Jvm 4 gb xms and 4 gb xmx
Provide logs (if relevant):

   at java.util.concurrent.ThreadPoolExecutor$Worker.run(ThreadPoolExecutor.java:617) ~[?:1.8.0_131]
        at java.lang.Thread.run(Thread.java:748) [?:1.8.0_131]
Caused by: org.elasticsearch.transport.RemoteTransportException: [icecluster-10.10.20.7][10.10.20.7:9300][internal:cluster/nodes/indices/shard/store[n]]
Caused by: org.elasticsearch.ElasticsearchException: Failed to list store metadata for shard [[mldata_06-25-2017][1]]
        at org.elasticsearch.indices.store.TransportNodesListShardStoreMetaData.nodeOperation(TransportNodesListShardStoreMetaData.java:114) ~[elasticsearch-5.3.1.jar:5.3.1]
        at org.elasticsearch.indices.store.TransportNodesListShardStoreMetaData.nodeOperation(TransportNodesListShardStoreMetaData.java:64) ~[elasticsearch-5.3.1.jar:5.3.1]
        at org.elasticsearch.action.support.nodes.TransportNodesAction.nodeOperation(TransportNodesAction.java:145) ~[elasticsearch-5.3.1.jar:5.3.1]
        at org.elasticsearch.action.support.nodes.TransportNodesAction$NodeTransportHandler.messageReceived(TransportNodesAction.java:269) ~[elasticsearch-5.3.1.jar:5.3.1]
        at org.elasticsearch.action.support.nodes.TransportNodesAction$NodeTransportHandler.messageReceived(TransportNodesAction.java:265) ~[elasticsearch-5.3.1.jar:5.3.1]
        at org.elasticsearch.transport.RequestHandlerRegistry.processMessageReceived(RequestHandlerRegistry.java:69) ~[elasticsearch-5.3.1.jar:5.3.1]
        at org.elasticsearch.transport.TransportService$7.doRun(TransportService.java:618) ~[elasticsearch-5.3.1.jar:5.3.1]
        at org.elasticsearch.common.util.concurrent.ThreadContext$ContextPreservingAbstractRunnable.doRun(ThreadContext.java:638) ~[elasticsearch-5.3.1.jar:5.3.1]
        at org.elasticsearch.common.util.concurrent.AbstractRunnable.run(AbstractRunnable.java:37) ~[elasticsearch-5.3.1.jar:5.3.1]
        ... 3 more
Caused by: org.apache.lucene.store.LockObtainFailedException: Lock held by this virtual machine: /data/nodes/0/indices/b245vxRiSk6wO_XMgEvf2A/1/index/write.lock
        at org.apache.lucene.store.NativeFSLockFactory.obtainFSLock(NativeFSLockFactory.java:127) ~[lucene-core-6.4.2.jar:6.4.2 34a975ca3d4bd7fa121340e5bcbf165929e0542f - ishan - 2017-03-01 23:23:13]
        at org.apache.lucene.store.FSLockFactory.obtainLock(FSLockFactory.java:41) ~[lucene-core-6.4.2.jar:6.4.2 34a975ca3d4bd7fa121340e5bcbf165929e0542f - ishan - 2017-03-01 23:23:13]

(Mark Walkom) #2

What filesystem are you using?


(Ninad Pradhan) #3

Its mention above

OS version (uname -a if on a Unix-like system):
Linux vps-cl-0 4.2.0-42-generic #49~14.04.1-Ubuntu SMP Wed Jun 29 20:22:11 UTC 2016 x86_64 x86_64 x86_64 GNU/Linux

but here are more details...

NAME FSTYPE LABEL MOUNTPOINT
sda
├─sda1 ext4 /
├─sda2
└─sda5 swap [SWAP]
sdb ext3
└─sdb1 ext4 /data


(David Pilato) #4

Please format your code using </> icon as explained in this guide. It will make your post more readable.

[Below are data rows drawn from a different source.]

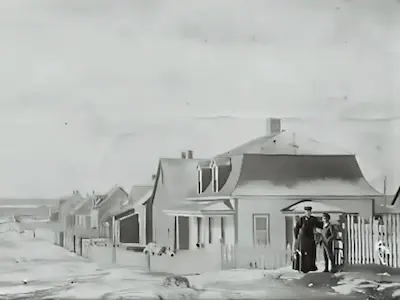Paul-Émile Dominique - Oui, mais je n'aimais pas jouer le rôle de l'Indien, car je perdais tout le temps. Tu vois la pointe là-bas, il y avait une rangée d'habitations, sûrement en écorce. Une église fut bâtie ici à l'époque de Arnaud et Babel. Les Oblats et les Eudistes se battaient pour savoir à qui appartiendraient les Indiens. Leur évêque a tranché et ce sont les Oblats qui nous ont gagnés et qui sont restés.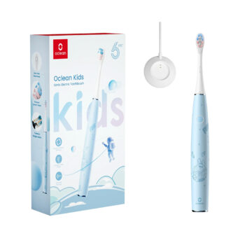 Зубная электрощетка, Oclean, C01000362, <37 дБ, Защита от избыточного давления, 80 000 об/мин (магнитный двигатель), Щетинки из фторида натрия Dupont, Срок службы батареи до 30 дней, быстрая зарядка 3 часа, Для детей в возрасте от 6 до 12 лет, Водонепроницаемость IPX7, В комплекте магнитная зарядная база и 2 сменные щетки, Детская электрощетка, Голубой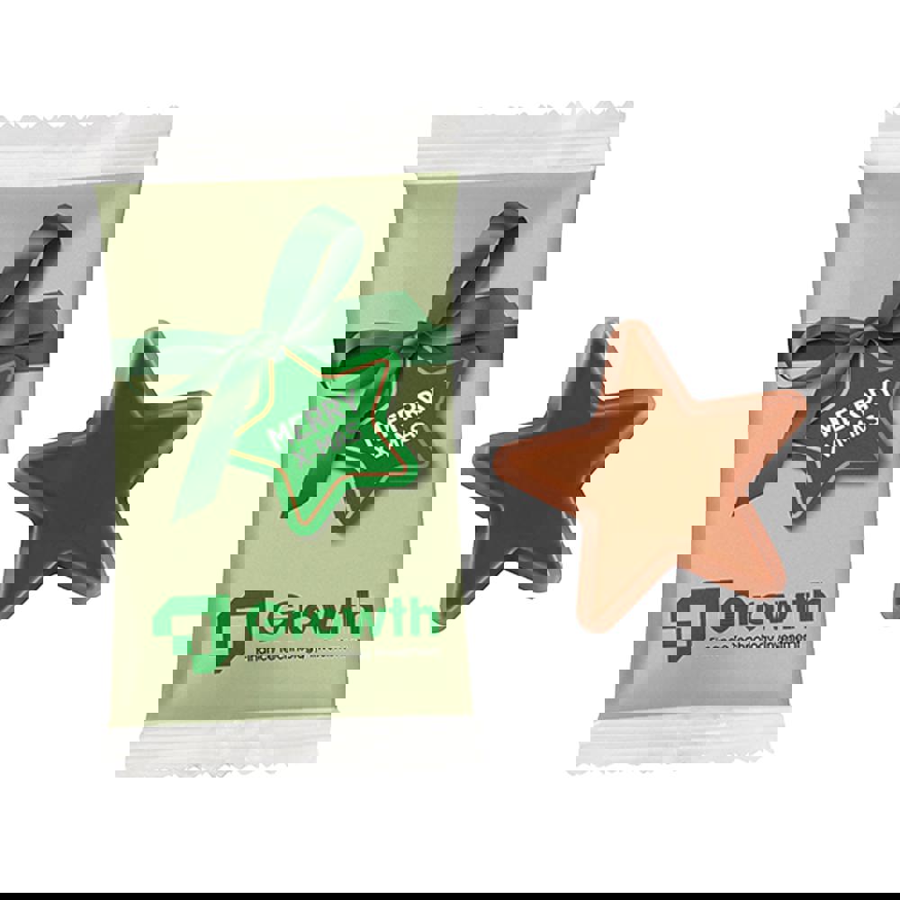 Transparante flowpack met full colour bedrukking, gevuld met 1 chocolade ster van ca. 7 gram.
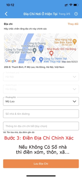 Bước 4: Nhập Chính Xác Địa Chỉ Đang Ở Hiện Tại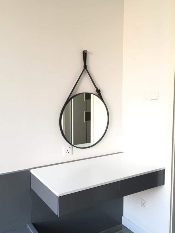 • Viền gương được làm từ da bò bền bỉ với độ ẩm cao trong phòng tắm
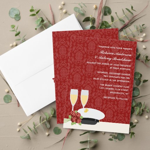 This fully customisable wedding invitation features a beautiful illustration of a military dress uniform and a wedding gown. Custom colours available by request.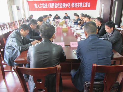根据市人大常委会关于检查《消费者权益保护法》贯彻执行情况的工作方案安排,4月8日上午,市人大常委会执法检查组在市人大机关会议室召开了贯彻实施《消费者权益保护法》情况汇报会。市消费者协会单祝安秘书长作《消费者权益保护法》辅导讲座,市市场监管局、法院、人民银行、经信委、住建局、商务局、旅游局、物价局、消费者协会等部门结合自身职能,分别作了专题汇报。
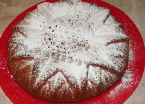 Take the pie out of the oven, let it cool slightly, and sprinkle with powdered sugar.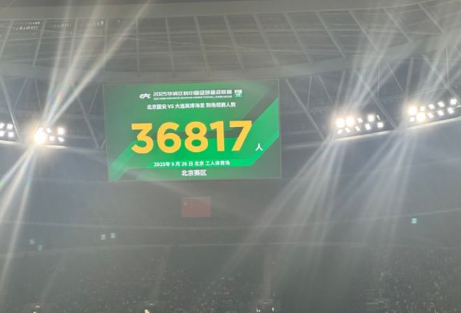 雷速体育9月26日宣 在今晚进行的中超第26轮北京国安对阵大连英博的比赛中,现场大屏幕显示本场比赛上座人数为36817人,这是本赛季北京国安主场上座率的新低。
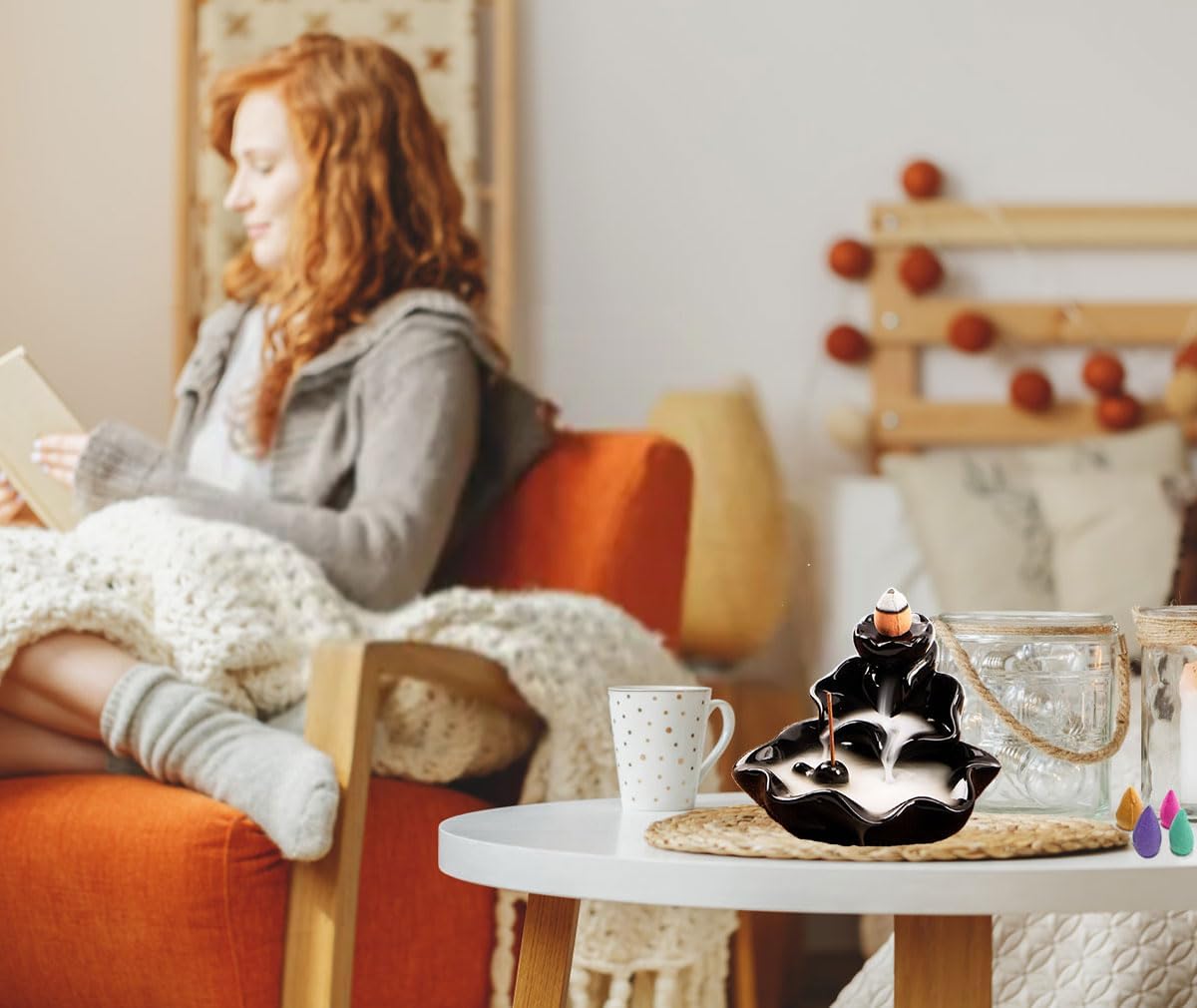 1 review for Waterfall Incense Burner, Lotus Backflow Incense Holder Ceramic Censer Cones Sticks Porcelain Holder with 10 Free Mixed Aromatherapy Cones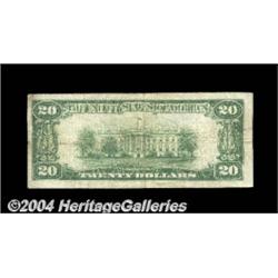 Mitchell, IN - $20 1929 Ty. 1 The First NB Ch. # 6433An excessively scarce note from the sole bank to issue in this southern Indiana hamlet. Evenly circulated Fine-Very Fine. <BR><BR><B>Important notice:</B> Heritage usually auctions material at the rate of 200-250 lots per hour. On some occasions eBay Live bid software or the Internet may not be able to keep up with the pace of the auction. We recommend placing a realistic absentee bid now as insurance to avoid disappointment. Occasionally the auctioneer may eliminate or reject an eBay Live bid, and the auctioneer may also reopen a lot after the close of the eBay live bidding (usually because we missed an audience bid), and may reject your bid even if it shows you as the winning bidder. By bidding via eBay Live, you agree that Heritage may award the lot to another bidder at its sole discretion under the circumstances described above or any other reasonable circumstances. Since eBay bids are not shown to us until we open the lot on the floor, we treat those bids just like floor bids. In most cases the floor responds before the eBay bid is presented to us, due to Internet lag time, so for consistency we have made it a policy that floor bids are always considered first over tie eBay live bids. Also please note that all Heritage lots purchased through eBay Live carry a 20% Buyer's Premium. Please make sure you read the Terms and Conditions before you bid. <BR><BR><B>IMPORTANT ANNOUNCEMENT ABOUT RESERVES:</B> Heritage now divulges all reserves on its web site 7 days before every auction. If you want to know whether the reserve on this lot has been met, and if not, what the reserve amount is, please visit this lot page on the HeritageCoin.com web site, or email: bid@HeritageGalleries.com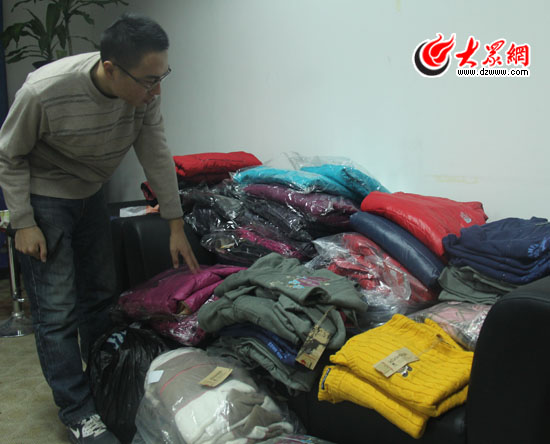 今天首批“百家衣”將送到濟南仲宮鎮(zhèn)穆家小學,圖為大眾網(wǎng)記者在清點捐贈的衣物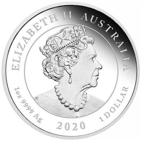 6th crowned portrait of HM Queen Elizabeth II facing right (the Commonwealth effigy), wearing the George IV State Diadem, the Coronation Necklace and Earrings framed by inscriptions “ELIZABETH II,” “AUSTRALIA,” above, weight, purity, and metal content "1oz 9999 Ag" and 1 DOLLAR, and the coin's mintage year, "2020" below.
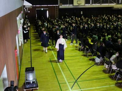 9日(月)には、3年生は各種表彰式の後、同窓会入会式、卒業式予行を行います。その後、在校生による卒業式準備を行い、当日を迎えます。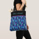 Blue Purple Peacock Feathers on Black Monogram Tote Bag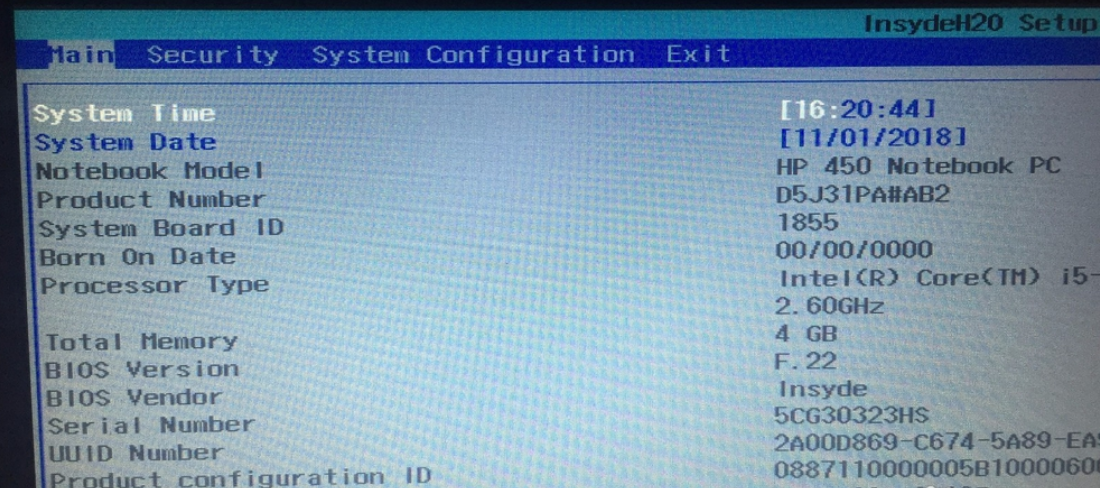 4、接着就会进入到bios的主界面,在最上边一排是菜单选项,这里选择system configuration选项,如图所示:

Or use markdown style like:

```
CODE
```

I edited your post.


(David Pilato) #5

Not related to your issue I think but I'm not sure why you really want to do this:

thread_pool:
  bulk:
    queue_size: 1000000
  index:
    queue_size: 1000000

(Ninad Pradhan) #6

Its possible that one of our qa engineers wiped out half of data... so this is not a real issue I feel. Closing the issue down.


(system) closed #7

This topic was automatically closed 28 days after the last reply. New replies are no longer allowed.